Martin Salter, Head of Policy at the Angling Trust, said:

“We were hoping for more than warm words in this water policy statement and a bit of restating the pollution monitoring provisions that are already in the Environment Act. This is the Government’s opportunity not just to will the end of pollution but to actually deliver the means by getting OFWAT to allow much needed investment to flow into England’s creaking and leaking waste water infrastructure.

“As our studies have shown, the absurdly low replacement rate of sewerage pipelines is resulting in more discharge of untreated sewage into rivers and coastal areas. Hardly surprising when pipes, designed for 50 to 100 years of service, are expected to last for 2,000 years.”

He added:

“Defra have themselves admitted that water industry investment has not kept pace with the increase in demand and the impacts of climate change. They said last January that ‘climate change has led to increased rainfall and water infrastructure has not kept pace with development growth over decades’. This SPS is a once in a five year opportunity to instruct the industry to put that right.”

Stuart Singleton-White, Head of Campaigns at the Angling Trust, said:

“If, as Minister Pow has stated, ‘water quality is an absolute priority’ then we’re going to need radical and rapid change in the management and governance of our water sector.
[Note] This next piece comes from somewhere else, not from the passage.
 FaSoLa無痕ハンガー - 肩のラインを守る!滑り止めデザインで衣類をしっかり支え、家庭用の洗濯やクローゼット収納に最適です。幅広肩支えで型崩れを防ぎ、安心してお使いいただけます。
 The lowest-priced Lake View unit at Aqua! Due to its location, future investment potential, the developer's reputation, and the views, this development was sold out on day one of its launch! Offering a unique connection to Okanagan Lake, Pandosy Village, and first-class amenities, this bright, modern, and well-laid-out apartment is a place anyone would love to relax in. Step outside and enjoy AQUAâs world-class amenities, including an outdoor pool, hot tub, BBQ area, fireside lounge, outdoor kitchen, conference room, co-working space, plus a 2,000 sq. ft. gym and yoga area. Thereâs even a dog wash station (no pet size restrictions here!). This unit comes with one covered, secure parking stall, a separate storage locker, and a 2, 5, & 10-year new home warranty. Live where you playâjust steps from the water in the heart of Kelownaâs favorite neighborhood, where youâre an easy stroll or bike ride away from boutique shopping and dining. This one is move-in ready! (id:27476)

The Government are, at last, beginning to see the connections between sewage pollution, the alarming consequences of agriculture pollution and run-off, the need for sustainable water abstraction, and the need to protect precious and unique habitats, like our chalk streams. This SPS is a chance to drive all these issues forward. It remains to be seen if it is strong enough to do so.”
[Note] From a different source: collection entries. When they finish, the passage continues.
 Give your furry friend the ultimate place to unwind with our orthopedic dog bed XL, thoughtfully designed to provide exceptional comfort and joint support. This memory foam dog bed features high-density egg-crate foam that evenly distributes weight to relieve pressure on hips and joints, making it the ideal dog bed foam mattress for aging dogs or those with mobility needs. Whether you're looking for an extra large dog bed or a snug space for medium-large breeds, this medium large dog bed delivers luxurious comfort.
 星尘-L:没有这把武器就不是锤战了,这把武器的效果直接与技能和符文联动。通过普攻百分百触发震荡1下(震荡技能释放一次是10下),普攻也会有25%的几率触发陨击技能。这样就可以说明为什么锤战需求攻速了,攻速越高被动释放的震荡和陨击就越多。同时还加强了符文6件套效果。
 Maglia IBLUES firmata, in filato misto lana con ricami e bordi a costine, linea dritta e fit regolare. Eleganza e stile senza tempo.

Key Points from Time to Fix the Broken Water Sector:

  • Failure of OFWAT to take environmental issues seriously in the past.
  • A £10 billion investment funding gap over the last 10 years.
  • The declining condition of rivers and streams due to 400,000 extra sewage spills last year.
  • England has only one site on a river seeking to achieve ‘bathing water status’ compared to 32 in Germany, 76 in Poland and 420 in France.
  • The absurd expectation of a 2,000-year lifetime for sewage pipes and other infrastructure.
  • Failure to build any new reservoirs in the southeast despite a 3 million population increase and huge projected growth in house building.
  • That lack of investment in water supply has seen excessive groundwater abstraction drying up some chalk streams altogether and damaging many other rivers.
  • The impossibility of delivering commitments in the Government’s own 25 Year Environment Plan and our legal obligation under the Water Framework Directive.
  • Failure of both the Government and OFWAT to pay any heed to the promises in the 2011 water white paper or indeed the warnings from the National Infrastructure Commission and the National Audit Office about the pressing need for investment in water and sewerage systems to address the challenges of climate change and population growth.
  • The prospect of severe drought events causing parts of southern England to run out of water within 20 years.
  • That the consequences of failing to invest in water infrastructure will cost more in the long term – £40 billion versus £21 billion and thousands of jobs.